3. - Infondato è, infine, il sesto motivo di ricorso, proposto ex art. 360, comma 1, n. 4, c.p.c., per violazione dell’art. 112 c.p.c., là dove il giudice d’appello ha omesso di pronunciarsi sul capo dell’appello col quale l’ufficio aveva chiesto che dagli importi di rimborsare fossero sottratte le somme risparmiate dalla società sotto forma di minori imposte dirette ed irap dovute all’erario.

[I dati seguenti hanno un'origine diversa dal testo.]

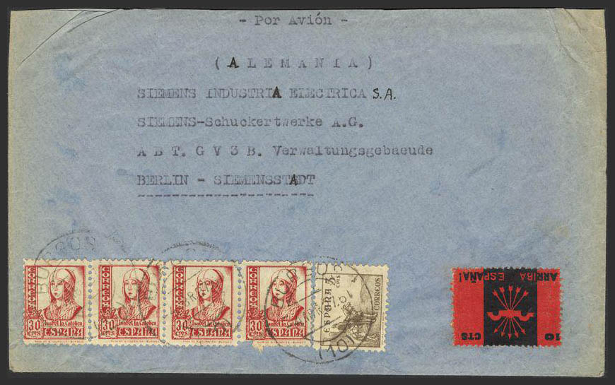 823(4),816. 1937. 5 cts, 50 cts, tira de cuatro y 10 cts viñeta. BURGOS a BERCIN. Matasello BURGOS / (10), transportada "POR CORREO AEREO". MAGNIFICA.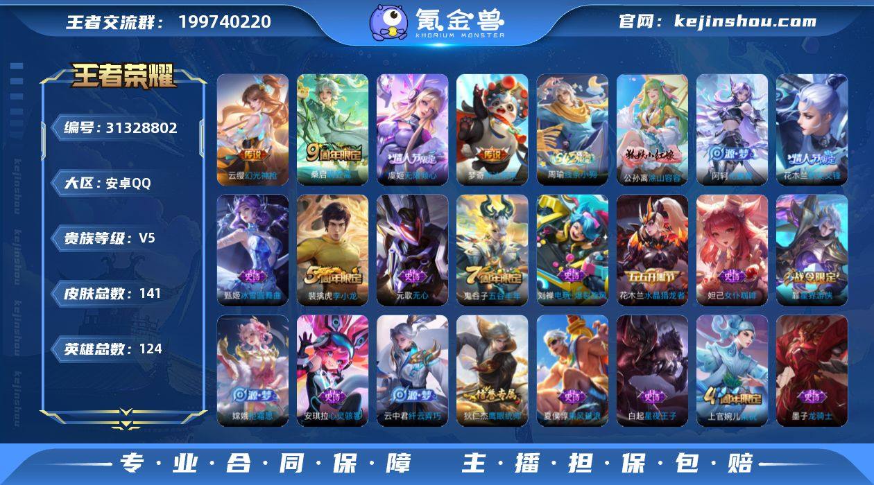 【XY461】贵族5/皮肤141/传说4/史诗41/英雄124/孙权全皮/影全皮/幻光神枪/鸣野蒿/无限倾心-虞姬/胖达荣荣/天穹之誓(s36)/阴阳师/皇家上将/王者之锤/无心/游园惊梦/万华元夜(s22)/沙漠行僧(s26)/海滩派对/醍醐杖(s20)/金庭之子(s27)/默契交锋-花木兰/云中旅人(s29)/驱傩正仪(s24)/胡桃夹子/原初探秘者(s21)/五谷丰年/千军破阵(s25)/原初追遂者/大漠名商(s28)/李小龙/擒涛扼浪(s31)/纤云弄巧/梁祝/拒霜思/暖冬·兔眠/探海日志(s32)/海盐诗旅(s30)/星界游侠/女武神/江河有灵/古海寻踪(s33)/百解令(蒙犽)/蒙恬荣光圣徽/鬼谷子天穹祈灯(S34)/龙武盛年/剑破天穹(s35)/程咬金群星魔术团/噬灭天穹(s37)/谧流熔炉/线条小狗-周瑜/苍穹之光/未来纪元-赵云/圣诞恋歌/冰雪圆舞曲/偶像歌手/鬼剑武藏/水果甜心/魅力维加斯/女仆咖啡/龙骑士/金属风暴/乱世虎臣/水晶猎龙者/乘风破浪/缤纷独角兽/暗隐猎兽者/心灵战警/冰冠公主/心灵骇客/天才门将/星夜王子/节奏热浪/鹰眼统帅/电玩·爆裂旋风/化蝶舞/涂山容容/教廷特使/街头霸王/白执事/忍·炎影/白色死神/化身博士/未来纪元-宫本武藏/玩偶对对碰/天使之翼/少女阿狸/死亡骑士/拳王/兔女郎/五福同心/花好人间/万事如意/万象初新/阿尔法小队/海滩丽影/掌控之力/幻乐之宴/守护之力/虹云星官/野性能量/归虚梦演-蒙犽/炽热元素使/圆桌骑士(盾山)/特工战影/瓷语鉴心/乓乓大师/唤灵魔甲/契约魔法/蔚蓝守将/危途狂花/幻泉雾影-海月/太极少年/劲辣红锅/西部游侠/妄想特派/完美运算/时空谍影/漠中幻影/朵莉亚金色潮汐/春野之旅/苍林狼骑/铁骨偃魂/魅影绮裳/雪境奇遇-西施/星梦巡礼/径山谋武/溯影追猎/异域舞娘/精灵公主/万圣前夜/未来旅行/范海辛/圣殿之光/加勒比小姐/蔷薇王座/东海龙王/阿摩司公爵/花间舞/踏雪寻梅/露花倒影/森/归虚梦演-西施/孤猎/启蛰/赤焰之缨/画中游

L’omissione di pronuncia, anche se sussistente, non è rilevante. Il che comporta, in base ai principi di economia processuale e della ragionevole durata del processo di cui all'articolo 111 Cost., comma 2, nonché in base ad una lettura costituzionalmente orientata dell'articolo 384 c.p.c., la possibilità di omettere la cassazione con rinvio della sentenza impugnata, esaminando il merito del ricorso, essendo inutile il ritorno della causa in fase di merito, risultando evidente che la pronuncia da rendere, che non richieda ulteriori accertamenti di fatto, debba andare a confermare sul punto il dispositivo della sentenza di appello (Cass., ord. 11 aprile 2012, n. 5729; 21 marzo 2014, n. 6663).

3.1. - Nel caso in esame, va fatta difatti applicazione del principio stabilito dalla Corte di giustizia (con sentenza 16 maggio 2013, causa C- 191/12, Alakor; nella giurisprudenza interna, Cass. 15 novembre 2013, n. 25668), secondo il quale il diritto di ottenere il rimborso delle imposte riscosse da uno Stato membro in violazione di norme del diritto dell’Unione costituisce la conseguenza e il complemento dei diritti attribuiti agli amministrati dalle disposizioni del diritto dell’Unione, nell’interpretazione loro data dalla Corte. Gli Stati membri sono quindi tenuti, in linea di principio, a rimborsare i tributi riscossi in violazione del diritto dell’Unione (v., in particolare, sentenza del 19 luglio 2012, Littlewoods Retail e a., C-591/10, punto 24 e giurisprudenza ivi citata).

Di conseguenza, ha statuito la corte, in linea di principio lo Stato membro deve rimborsare integralmente l’IVA che il soggetto passivo non ha potuto detrarre in violazione del diritto dell’Unione. Ciò in quanto il diritto alla ripetizione dell’indebito è inteso a rimediare alle conseguenze dell’incompatibilità dell’imposta con il diritto dell’Unione, neutralizzando l’onere economico che ha indebitamente gravato l’operatore che, in definitiva, lo ha effettivamente sopportato (sentenza del 20 ottobre 2011, Danfoss e Sauer-Danfoss, C-94/10, Racc. pag. 1-9963, punto 23).

La pretesa dell’amministrazione di decurtare dall’importo da rimborsare l’ammontare dei costi dedotti è, allora, da ritenere infondata, perché in contrasto con le suddette statuizioni.

4. - La sentenza va in conseguenza cassata, in relazione ai profili dinanzi specificati, con rinvio ad altra sezione della Commissione tributaria regionale del Veneto, affinché riesamini la fattispecie e regoli le spese.

 

P.Q.M.

 

Accoglie il primo, il secondo, il quarto ed il quinto motivo di rigetta i restanti, cassa la sentenza impugnata e rinvia anche per le spese ad altra sezione della Commissione tributaria regionale del Veneto.